For this data set (values are approximate, based on the figure):

• smallest observation (minimum or min) = .5
• lower (first) quartile (Q1) = 7
• median (second quartile) (Med) = 8.5
• upper (third) quartile (Q3) = 9
• largest observation (maximum or max) = 10
• mean = 8
• interquartile range, IQR = [itex]Q3-Q1[/itex] = 2
• the value 3.5 is a "mild" outlier, between 1.5*(IQR) and 2*(IQR) below Q1
• the value 0.5 is an "extreme" outlier, more than 2*(IQR) below Q1
• the smallest value that is not an outlier is 5
• the data is skewed to the left (negatively skewed)

The horizontal lines (the "whiskers") extend to at most 1.5 times the box width (the interquartile range) from either or both ends of the box.

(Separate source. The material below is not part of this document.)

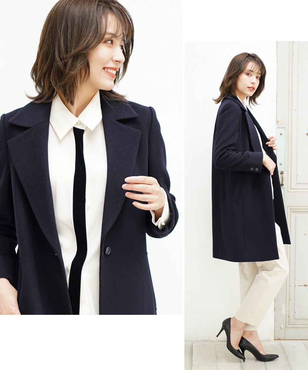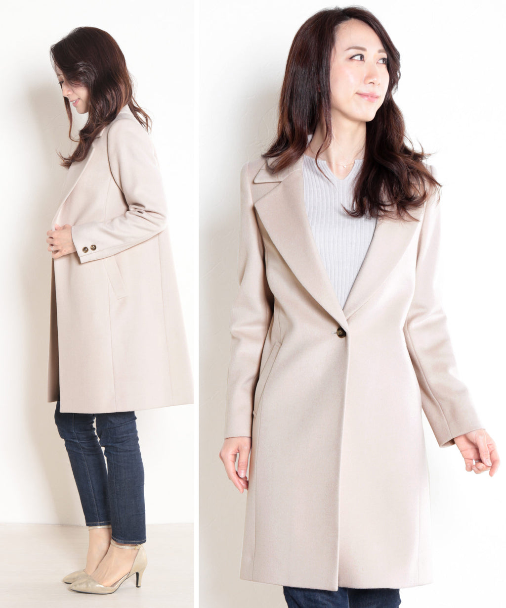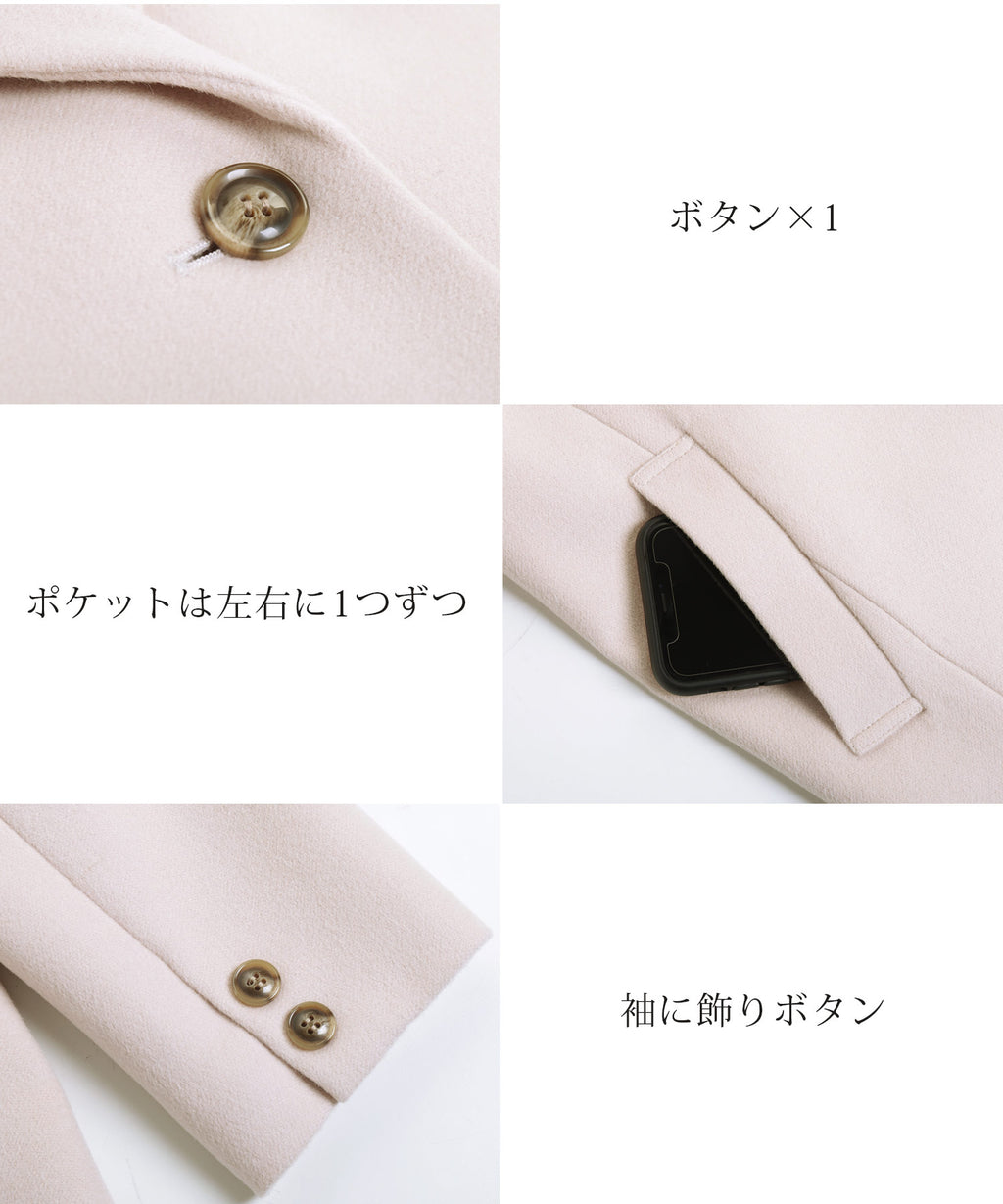 シングルボタンですっきりとしたシンプルなデザインで美しいシルエットです。

They must end at an observed value, thus connecting all the values outside the box that are not more than 1.5 times the box width away from the box. Twice the box width marks the boundary between "mild" and "extreme" outliers.

There are alternative implementations of this detail of the box plot in various software packages, such as the whiskers extending to at most the 5th and 95th (or some more extreme) percentiles. Such approaches do not conform to Tukey's definition, with its emphasis on the median in particular and counting methods in general, and they tend to produce "outliers" for all data sets larger than ten, no matter what the shape of the distribution.